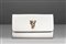 Pochette in pelle bianca con fibbia scultura "V", tracolla asportabile, dustbag originale (cm 23)
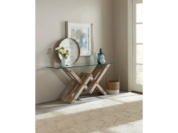 Accent console with an angular base accented by wood pegs and a removable glass top. Finished in greige sand-blasted quartered oak veneers.
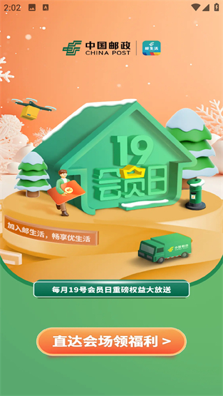 1、整合邮政系统全国网点资源,会员可享受线下自提、包裹代收等实体网点专属服务。
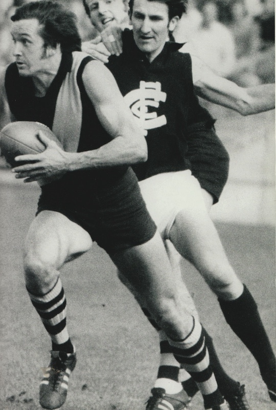 “But I reckon I learnt more in that first game than I did for the next six months. Just the fact that whenever he got the ball he did something with it and he was in the packs pushing and shoving and leading his charges on. He was just a classic player. Not that you’d stand back and watch him, but you’d think, “Shit, that was good.” The club persisted with me even though I was pretty slight, keeping me at centre half-forward and full-forward for the rest of the season.”

○ ○ ○ ○ ○ ○ ○

Your task |
Each line from the first line of the data above through the one containing "1、整合邮政系统全国网点资源,会员可享受线下自提、包裹代收等实体网点专属服务。" must be set down exactly; the pictures must not be.

Result of this exercise |
 Pochette in pelle bianca con fibbia scultura "V", tracolla asportabile, dustbag originale (cm 23)
 Accent console with an angular base accented by wood pegs and a removable glass top. Finished in greige sand-blasted quartered oak veneers.
 1、整合邮政系统全国网点资源,会员可享受线下自提、包裹代收等实体网点专属服务。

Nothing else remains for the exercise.